In Health & Biosciences, management said the Health business remains the key area still in decline, particularly in North America, but executives described sequential improvement and said they expect it to flatten in the first half of 2026 and return to growth in the second half under new leadership and an improvement plan.
Executives also discussed product and consumer trends. Fyrwald said IFF has been working across business units on solutions for GLP-1 consumers and cited yogurt and protein-related innovation as areas where the company is supporting customers. He added that ongoing reformulation (such as reduced sugar, salt, fat, and “cleaner label” initiatives) represents an opportunity for IFF, though he said it has not accelerated as much as some market commentary would suggest.
Management closed the call by reiterating expectations for continued portfolio optimization progress in 2026, alongside a focus on profitable growth, cash flow improvement, and reducing “below the line” costs over the next 18 months.

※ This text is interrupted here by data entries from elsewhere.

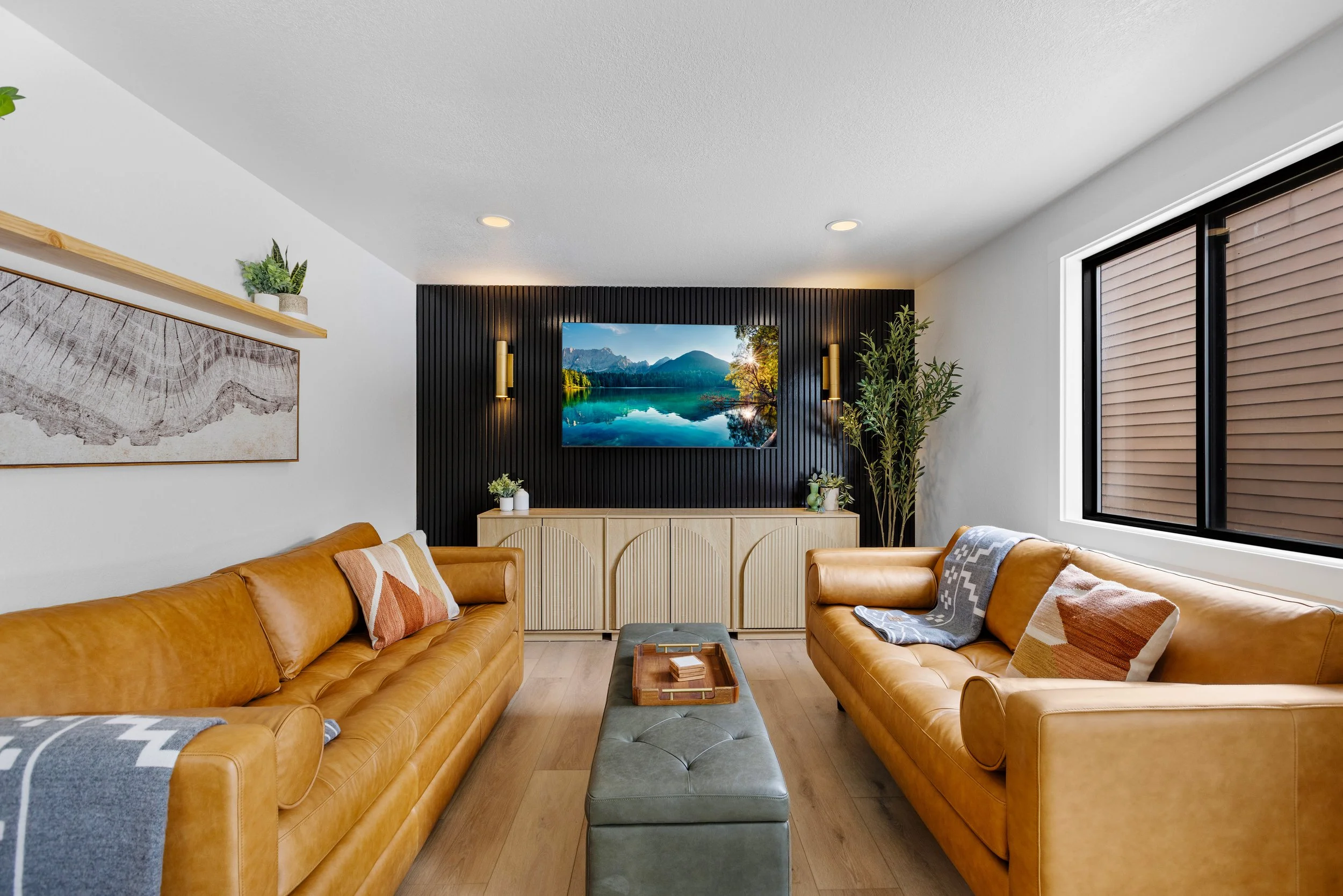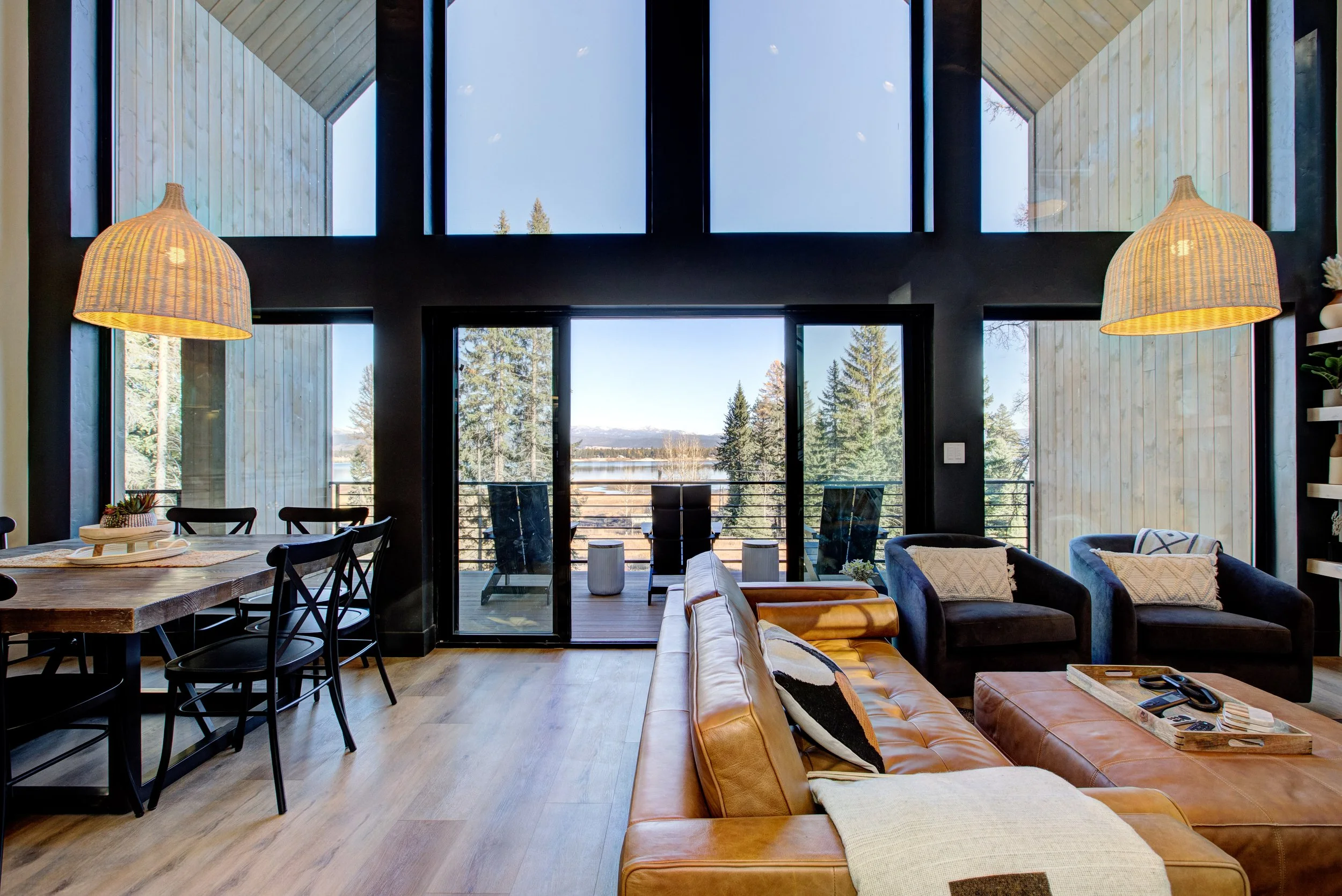 The living space is thoughtfully curated with premium Poly & Bark leather sofas, ottomans, dining chairs, and accent seating — blending contemporary luxury with relaxed mountain comfort.
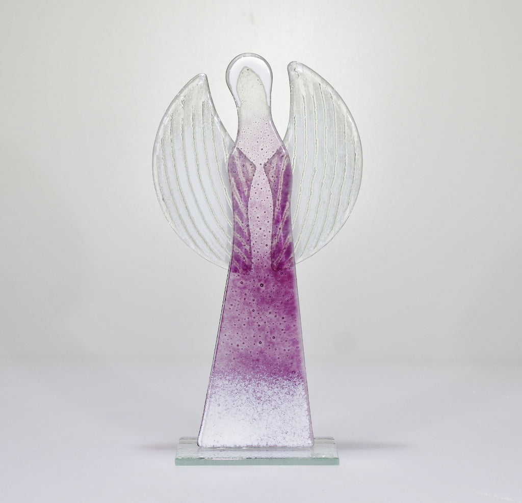 Skleněná figurka anděl velký růžovo-bílý
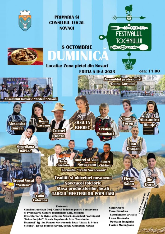 Duminică, la Novaci, în cadrul ediției a patra a Festivalului Tocanului, autoritățile locale au pregătit un program cu adevărat impresionant pentru cei ce vor lua parte la manifestări. Participanții vor putea vedea tradiții și obiceiuri novăcene, un târg al meșterilor populari, dar vor avea parte și de un adevărat regal folcloric. Dintre artiștii care vor cânta duminică după-amiaza la Novaci amintim: Olguța Berbec, Cristian Pomohaci, Georgiana Bârsac, Alexandra Giurcă, Ion Drăgan, Claudia Torop, dar și mai multe grupuri folclorice, precum și Formația ”Frații Novăceanu”.
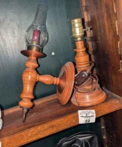 Wooden table lamp and wall mount candle holder
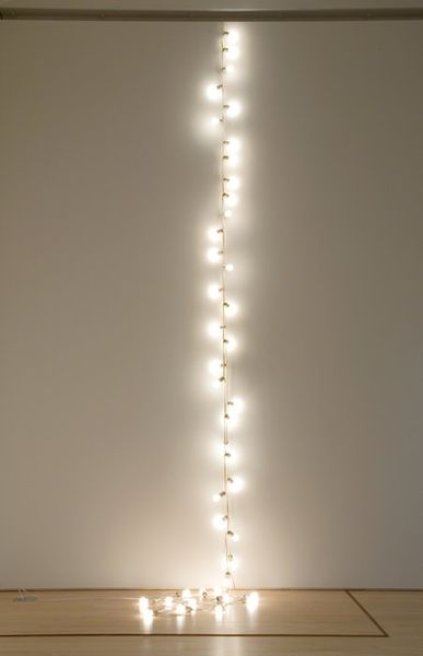 This light sculpture, "Untitled" (Last Light), is by Felix Gonzalez-Torres. What is striking is how a string of lights, something so simple, can evoke so much feeling. The making here isn't about a grand gesture, but a quiet, deliberate act of arranging and presenting. Look at the way the lights hang. Each bulb emits a soft, warm glow, casting the surrounding space in a gentle light. The texture is created by the contrast between the cool, smooth bulbs and the simple wire. It is a kind of drawing with light and shadow that feels both fragile and resilient. Notice how the lights don't shine with the same intensity – some are brighter, some dimmer, suggesting the passage of time and the inevitable fading of light. Gonzalez-Torres shares a kinship with artists like Agnes Martin, who used simple forms and repetition to create deeply meditative works. Like Martin, Gonzalez-Torres invites us to slow down, to contemplate, and to find meaning in the everyday. He reminds us that art can be found in the most unexpected places.
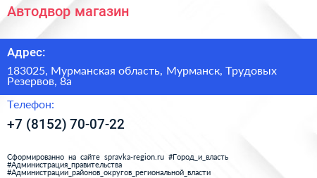 Автодвор, магазин по адресу 183025, Мурманская область, Мурманск, Трудовых Резервов, 8а в дальнейшем Организация, размещена в следующих категориях:
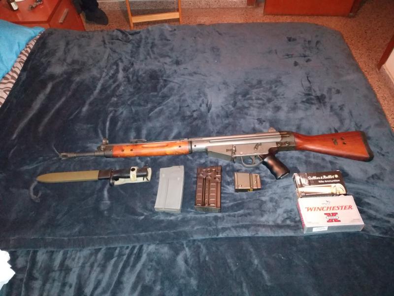 Por cese de actividad vendo CETME C Impecable. . comprado nuevo en armería hace menos de un año Guiado en D. . . también se puede guiar en f para tiro deportivo. . . Con kit de limpieza original en su compartimento sin usar Impecable. . ni un rasguño y muy bien engrasado Solo a tirado un par de cajas. . . muy buena precisión y suave. . . Bayoneta con funda nueva Cargador de 3. . cargador de 20. . . cargador de 20 del HK. G3. . mucho más ligero. . y totalmente compatible 2 cajas de munición Envío a la comandancia correspondiente incluido en el precio

About International Flavors & Fragrances (NYSE:IFF)
International Flavors & Fragrances Inc (NYSE:IFF) is a global leader in the creation and production of flavors, fragrances, cosmetic actives and nutritional lipids. The company develops taste and scent solutions for a wide array of end markets including food and beverage, personal care, household goods and pharmaceutical products. Its portfolio spans natural and nature-identical flavors, fine fragrances, functional ingredients for skin and hair care, and specialty oils that enhance nutritional value and sensory appeal.
IFF’s research and development network comprises innovation centers in North America, Europe, Asia-Pacific and Latin America, where multidisciplinary teams collaborate on aroma chemistry, sensory science and biotechnology.